◆ GIVEN INFORMATION
========

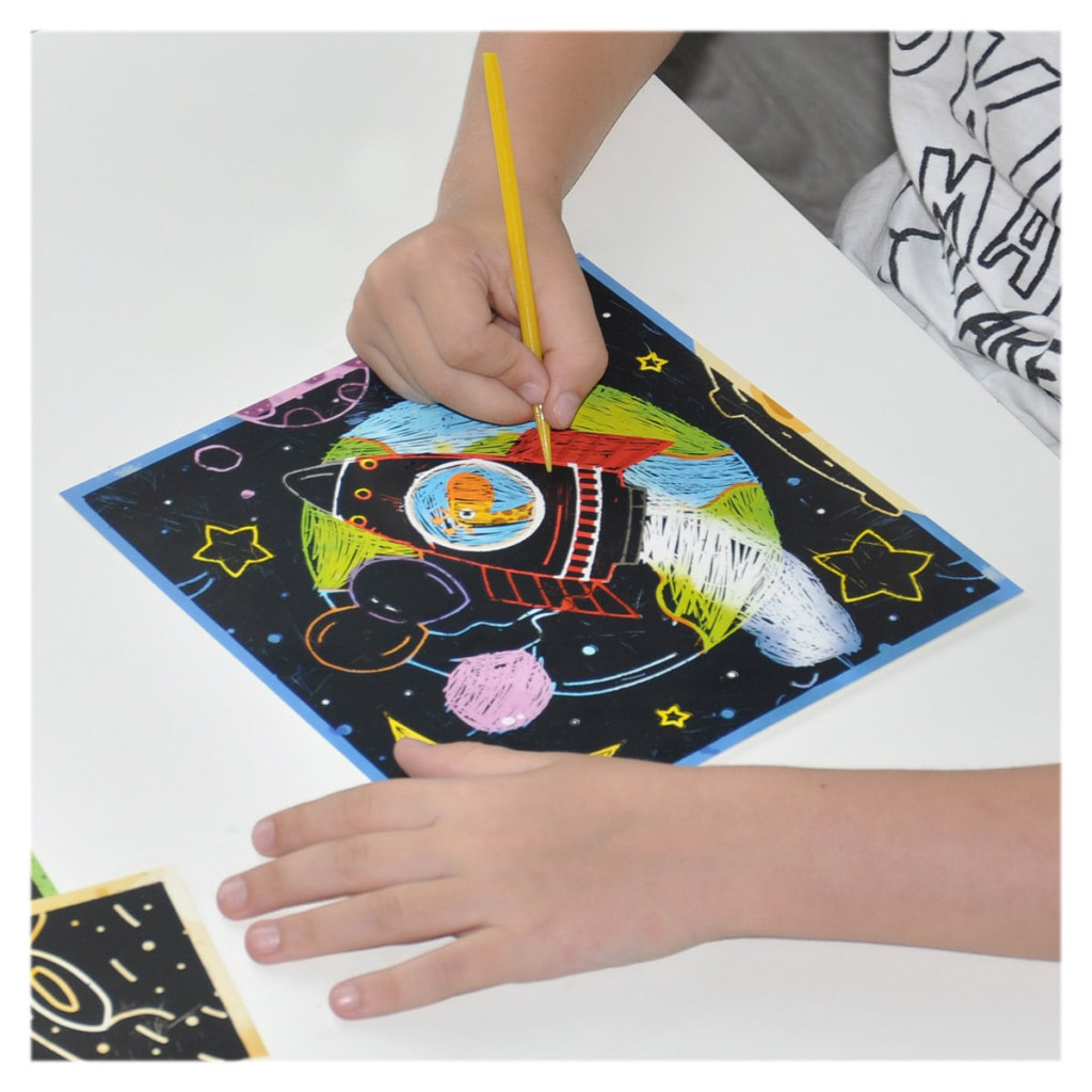 • A fekete réteggel bevont kaparólapok alól színes, látványos képek bukkannak elő minden karcolással, így a kicsik egyedi alkotásokat készíthetnek festék és színes ceruzák nélkül.
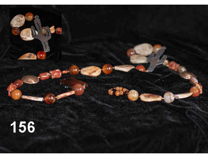This 41" bead, stone, and metal chain depicts the colors of Tucson's sky from dusk to dawn. The chain has 4 fetishes: 2 handmade copper suns and copper saguaros with stone and glass beads incorporated. The chain is made with jewelry wire for flexibility.
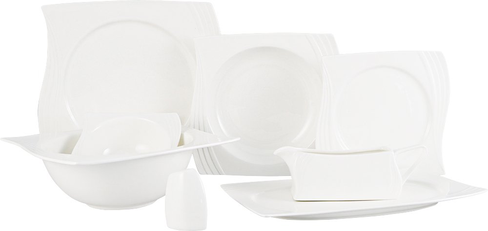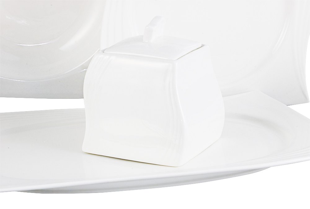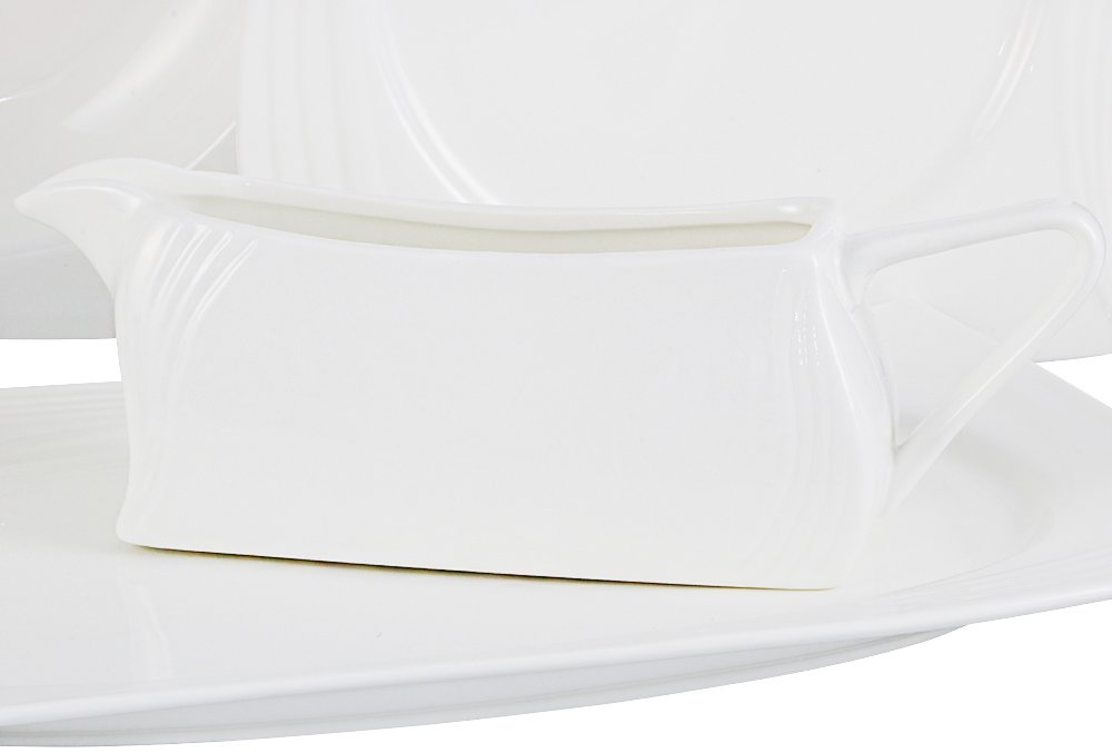 Delivery and Dimensions: 1 x Alegra Tullip High Quality 43 Piece Porcelain Dinnerware | 6 People | White
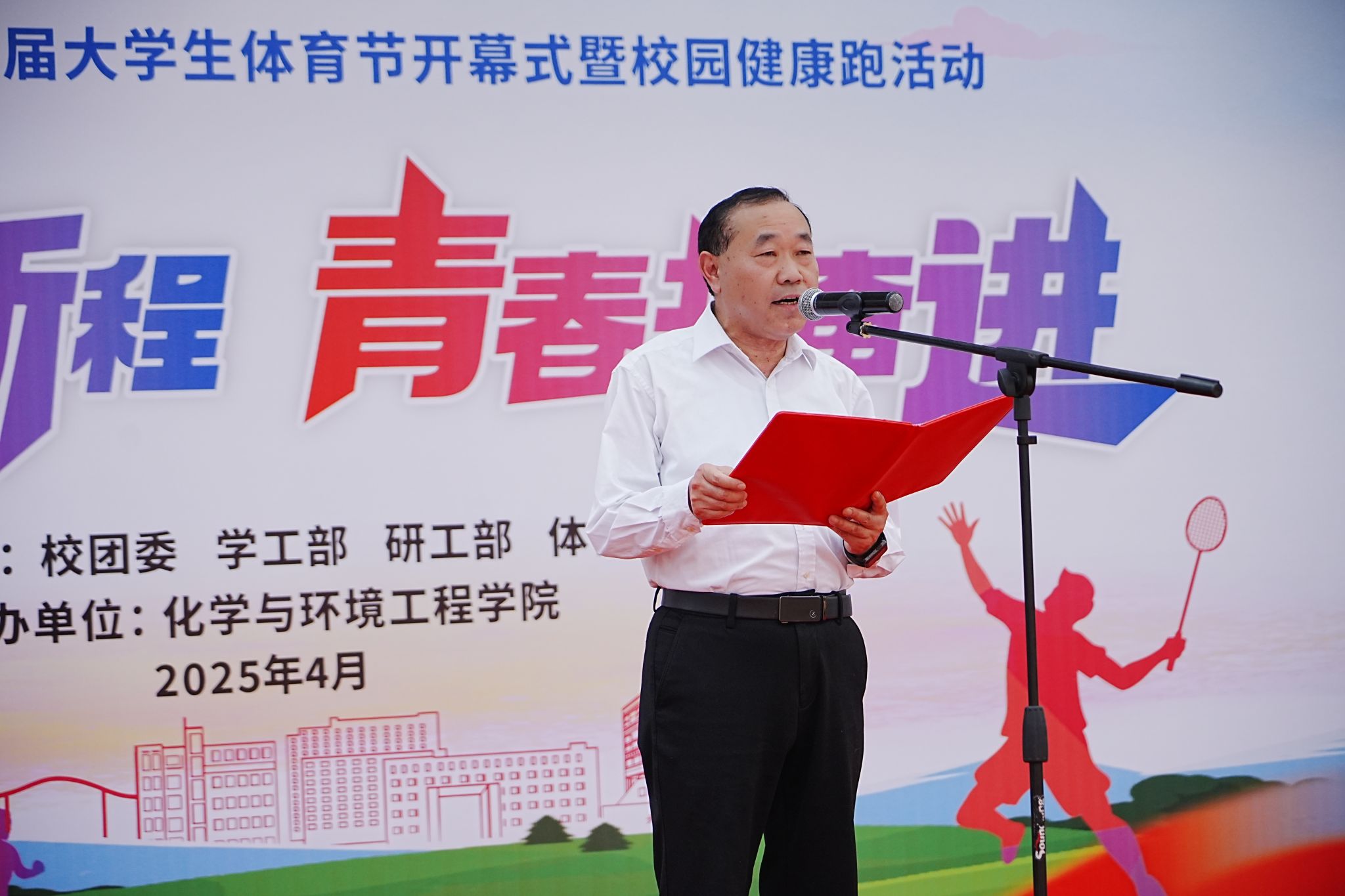 李志旭指出,体育承载着国家强盛、民族振兴的梦想,要坚持“健康第一”理念,推动体教融合,助力学生全面发展。他提出三点与大家共勉:一是以体育精神熔铸报国丹心,将赛场上的拼搏转化为“强国有我”的实践,厚植家国情怀;二是以强健体魄锻造栋梁之才,让“每天锻炼一小时”成为终身习惯,锤炼坚韧品格;三是以全面成长勇担时代使命,将运动场上的毅力与协作精神融入学业与人生,争做德智体美劳全面发展的新时代青年。他号召全体师生以本届体育节为契机,传承三十四载体育文化,在健康跑、球类赛事等活动中彰显工大人的昂扬斗志,用汗水书写青春答卷。

========

◆ ABOUT THIS EXERCISE
Skipping all pictures, set the listing down exactly as written.

◆ WRITTEN SOLUTION
 • A fekete réteggel bevont kaparólapok alól színes, látványos képek bukkannak elő minden karcolással, így a kicsik egyedi alkotásokat készíthetnek festék és színes ceruzák nélkül.
This 41" bead, stone, and metal chain depicts the colors of Tucson's sky from dusk to dawn. The chain has 4 fetishes: 2 handmade copper suns and copper saguaros with stone and glass beads incorporated. The chain is made with jewelry wire for flexibility.
 Delivery and Dimensions: 1 x Alegra Tullip High Quality 43 Piece Porcelain Dinnerware | 6 People | White
 李志旭指出,体育承载着国家强盛、民族振兴的梦想,要坚持“健康第一”理念,推动体教融合,助力学生全面发展。他提出三点与大家共勉:一是以体育精神熔铸报国丹心,将赛场上的拼搏转化为“强国有我”的实践,厚植家国情怀;二是以强健体魄锻造栋梁之才,让“每天锻炼一小时”成为终身习惯,锤炼坚韧品格;三是以全面成长勇担时代使命,将运动场上的毅力与协作精神融入学业与人生,争做德智体美劳全面发展的新时代青年。他号召全体师生以本届体育节为契机,传承三十四载体育文化,在健康跑、球类赛事等活动中彰显工大人的昂扬斗志,用汗水书写青春答卷。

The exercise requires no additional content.